- Born: James Patrick McElroy 1945 Hell's Kitchen, Manhattan, New York City, New York, U.S.
- Died: May 2011 (aged 65–66) California, U.S.
- Other name: "Jimmy Mac"
- Criminal status: Died in prison
- Allegiance: The Westies
- Conviction: Racketeering (1986)
- Criminal penalty: 60 years' imprisonment

= James McElroy =

American mobster

James "Jimmy Mac" McElroy (1945–2011) was an Irish American mobster and racketeer from Manhattan, New York, who was an enforcer for the Westies, a criminal organization that operated out of Hell's Kitchen.

==Biography==

Jimmy McElroy was born in 1945 in the Hell's Kitchen area of Manhattan in New York City. He played hockey with many future Westies-aligned criminals at Hell's Kitchen Park and boxed at Boys & Girls Clubs of America with Eddie Cummiskey.
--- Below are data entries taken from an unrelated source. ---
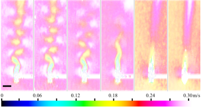 Le bruit émis par les propulseurs au décollage d’Ariane génère des vibrations intenses sur la coiffe du lanceur susceptibles d’endommager sa charge utile. Pour atténuer le rayonnement acoustique source émise par l’éjection de ces gaz supersoniques chauds, d’énormes quantités d’eau sont injectées sur le pas de tir. Dans ce cadre, des mesures expérimentales sont nécessaires pour comprendre l’influence de la présence de la phase liquide sur le rayonnement acoustique du jet supersonique chaud. La difficulté de telles mesures est précisément la nature diphasique eau / gaz de l’écoulement pour laquelle les métrologies classiques de type Vélocimétrie par Image de Particules (P.I.V.) ne sont pas applicables en l’état.
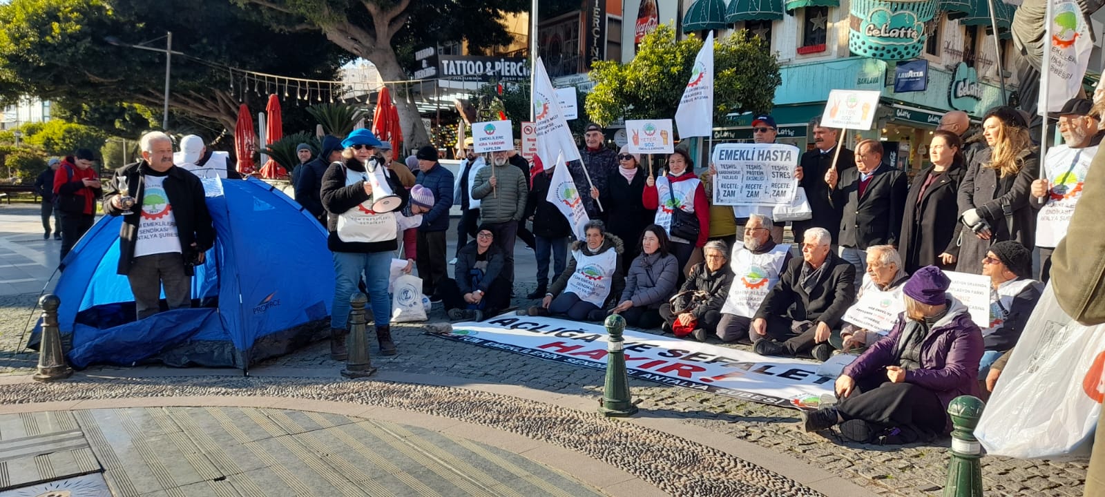 Tüm Emekliler Sendikası Antalya Şubesi, emeklilerin yaşadığı ekonomik sorunlara dikkat çekmek amacıyla Attalos Meydanı’nda basın açıklaması yaparak oturma eylemi düzenledi. Basın açıklamasını Tüm Emekliler Sendikası Antalya Şubesi adına Ferzan Sarsılmaz okudu. Açıklamada, emeklilerin uzun süredir sürdürdüğü hak mücadelesinin çeşitli yöntemlerle etkisizleştirilmeye çalışıldığına dikkat çekilerek, “Aylar boyunca sürdürdüğümüz meşru ve haklı mücadeleyi manevralarla azaltabileceklerini düşünenler bir kez daha yanılmıştır. Emeklilerin iradesi bastırılamaz, mücadelesi ertelenemez” denildi.
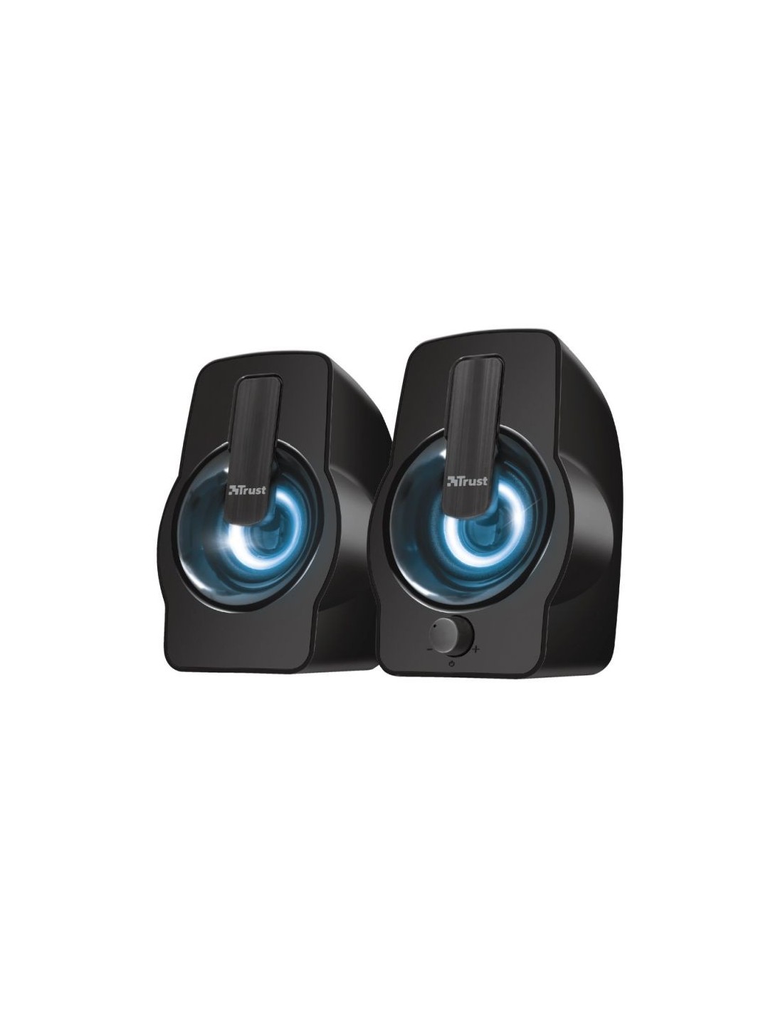 Gemi Juego de altavoces 2.0 con iluminación LED RGB Compacto juego de altavoces con un diseño elegante e iluminación LED RGB Type of speaker 2.0 Height of main product (in mm) 132 mm Width of main product (in mm) 85 mm Depth of main product (in mm) 95 mm Total weight 401 g Weight of main unit 401 g Features NFC no Hands-free phone calls no Tripod mount no Special features RGB lights Power saving no Control Remote control no Controls volume, on/off Connectivity Connection type wired Bluetooth no Cables included fixed on speaker Cable length power cable 140 cm Cable length audio cable 140 cm Cable length satellite cable 90 cm Audio Power output (peak) 12 W Power output (RMS) 6 W Frequency response 20 Hz - 20000 Hz Driver size 40 mm Driver units 2 Audio input 3.5 mm Headphone connection no Microphone built-in no Microphone connection no Lighting Lights yes Light type LED Light modes Random Protection Waterproof no Power Power cable detachable no Input Power source USB Compatibility Compatible Device Types pc, laptop General compatibility pc with 3.5mm audio output and USB port Compatible Consoles no Satellites Satellite Height (mm) 132 mm Satellite Width (mm) 85 mm Satellite Depth (mm) 95 mm información extra Número de referencia 22948 Código EAN 8713439229486 Garantía 2 años Contenido del paquete Juego de altavoces con cables incluidos Manual del usuario Requisitos del sistema Conexión de audio de 3,5 mm Puerto USB (para alimentación) https://www.trust.com/es/product/22948-gemi-rgb-2-0-speaker-set-black#product-specifications
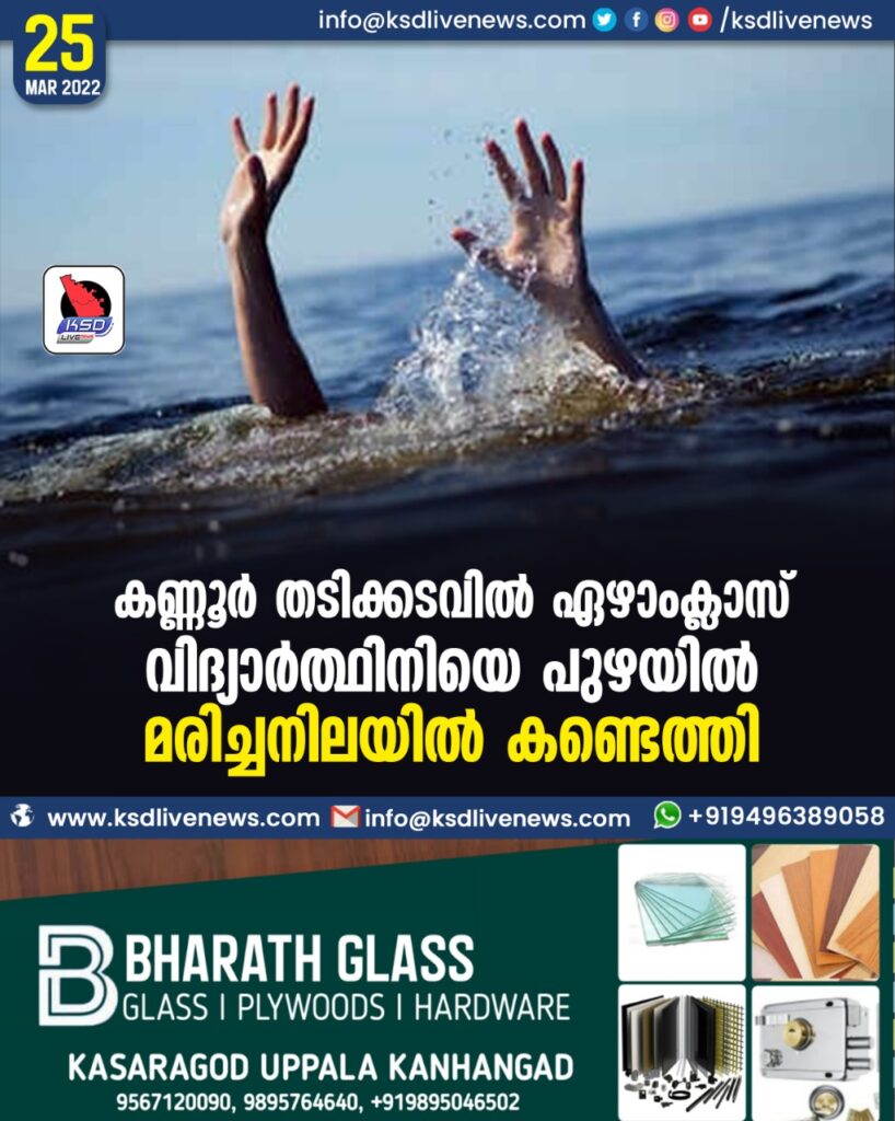 കണ്ണൂര് തടിക്കടവില് ഏഴാം ക്ലാസ് വിദ്യാര്ത്ഥിനിയെ പുഴയില് മരിച്ച നിലയില് കണ്ടെത്തി

He eventually started burglarizing commercial buildings in Lower East Side, Manhattan, and cargo from warehouses in West Side, Manhattan.
He rose through the ranks of a group known for counterfeiting, extortion and murder during the 1970s and 1980s.

A former boxer turned drug dealer, McElroy was known for being the driver of the infamous "meat wagon" (a large van used by the mob to transport dismembered body parts). Under the control of Jimmy Coonan, he became the third-highest-ranking member of the Westies during that time.

In 1990 he testified against John Gotti to get a reduction in his racketeering charges, stating that he acted on orders from the Gambino boss when assaulting a Carpenter's Union official three blocks down from the Hudson River piers. Gotti was acquitted on all charges, and McElroy spent the rest of his life in prison.

==Death==

In May 2011, McElroy died in federal custody. His body was transferred to New York, where a funeral procession was held at the Church of the Holy Cross in the renamed Clinton neighborhood.